The PX was out of news magazines the other day so I bought a copy of Newsweek where I ran across an article titled "Unholy Allies", the gist of which (strategically dated 26 September, 9 days after the parlimentary elections in Afghanistan) is the increasing violence and effectiveness of the Taliban fighters along with their close links to Al Queda insurgents in Iraq.
What boggles my mind about this article is that the Newsweek staff can apparently make an appointment to meet with Al Queda leadership in Afghanistan at any given moment. They have taken to dropping the "Al" and referring to the ultra-extremist terror sponsoring organization as just "Queda". Kind of a nick name between buddies. But then why wouldn't these two organizations be on the best of terms? After all, it was Newsweek that spawned the rioting in Afghanistan which killed 19 people over the stories of Koran desecration at Guantanemo Bay which were exaggerated at best. (See "Priveliges and Responsibilities")
Sami Yousafzai and Ron Moreau, the authors of this article, give surprising creedence to anything their Taliban contacts tell them while brushing off any explanation or response from the U.S. military. It seems amazing to me that this article, boasting of a 300% increase in this local Taliban commander's force, and increased liaison with Al Queda (excuse me "Queda") in Iraq had never heard of this letter written by bin Laden's deputy which admits defeat in Afghanistan. But then, "Unholy Allies" goes to great lengths to imply increasing levels of violence when by all credible counts, hostile actions in Afghanistan have decreased more than 50% since the September 17th elections. Immediately after this little bit of creative writing quotes the Taliban commander's spike in troop strength, it points out that 2005 has been the deadliest year for Americans in Afghanistan since 2001 with 51 killed. This jump in fatalities is credited largely to "shaped charge IEDs", a technology imported from Iraq. The reality is that 33 of these 51 fatalities were in helicopter crashes, one due to weather, the other to hostile fire but nowhere near this commanders region, and in no related to shaped charge IEDs.

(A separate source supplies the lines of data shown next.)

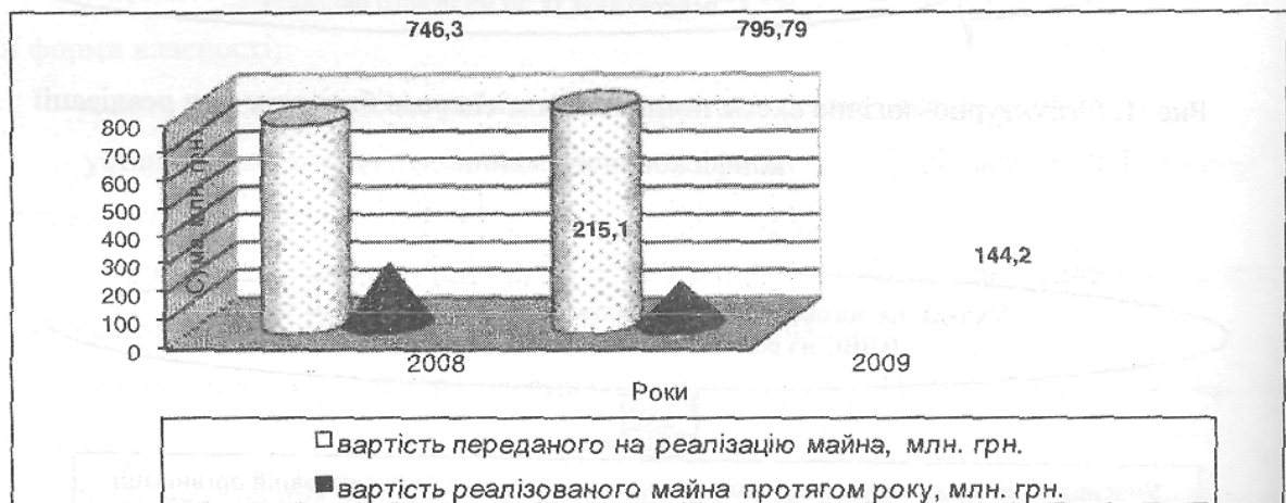
Рис. 3. Динаміка діяльності спеціалізованих підприємств за 2008-2009 рр.

Якщо у 2008 році на реалізацію спеціалізованим підприємствам України було передано майна на суму 746,3 млн. грн., то у 2009 р. – на 49,5 млн. грн. більше (рис. 3). У той же час, реалізованого протягом року майна, навпаки, у 2009 р. на 70,9 млн. грн. менше, ніж у 2008 р. Питома вага реалізованого майна в загальній вартості переданого на реалізацію складає 28,8 % (у 2008 р.) та 18,1 % (у 2009 р.)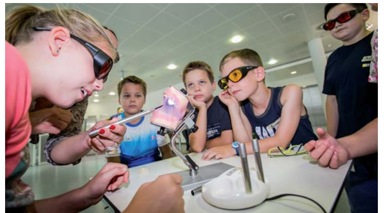
Einblicke in den Beruf des Zahnarztes: Mit dem SIROInspect gingen die Mitarbeiterkinder auf Kariessuche.

Das abwechslungsreiche Programm hat den Sirona-Nachwuchs sowie die Eltern überzeugt: „Die Ferienbetreuung ist wirklich gelungen! Die Kinder erleben spannende Dinge und sind bei Sirona gut aufgehoben.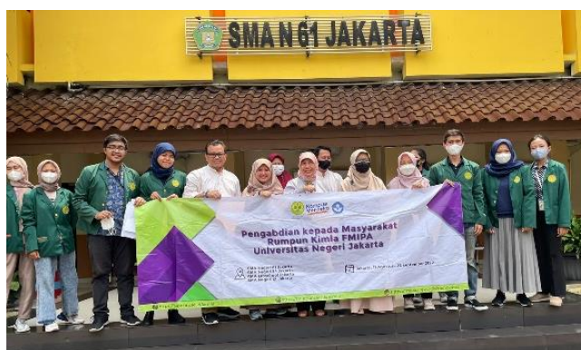
Gambar 8. Dokumentasi Tim Pelaksana dengan Panitia Kimia UNJ di SMAN 61 Jakarta

I remember watching a documentary on reporters in the Vietnam war when I was in college in which a panel of journalists was given the scenario of being allowed to imbed with North Vietnamese troops and sitting in ambush of an American patrol. The question was asked of each of them "Are you a journalist first, or an American? Would you let the Americans die or would you try to warn them first?" I remember being sickened when most answered that they were journalists first. Strange that they would say that as citizens of one of the very few countries that would protect them as such.
The people that were so willingly interviewed by our friends from Newsweek in September, attacked an American patrol in October. One of our soldiers lost both of his legs during the attack and subsequently died of his injuries. That means he bled to death in a dark hostile land half a world from home even after all the help his friends could give him and the best medical treatment we had available. Perhaps if Newsweek had been a little more American and a little less journalist, things might be different.
It's clear that Newsweek's intent with this article is to sow doubt and malcontent about our progress in Afghanistan. This is precisely the intent of the Taliban's information campaign. The only way that they can win this war is if America loses her will and the fastest way for that to happen is through irresponsible yet constitutionally protected journalism like this.
The Schismatics in Dante's "Inferno", those who sowed discord during their lifetime, were punished throughout eternity in the 7th circle of hell by being cleaved nearly in two then allowed to heal before the process is repeated. I would like to think that I am not a vindicative person, but someone will have to explain to me why I should not wish this punishment on the likes of Newsweek.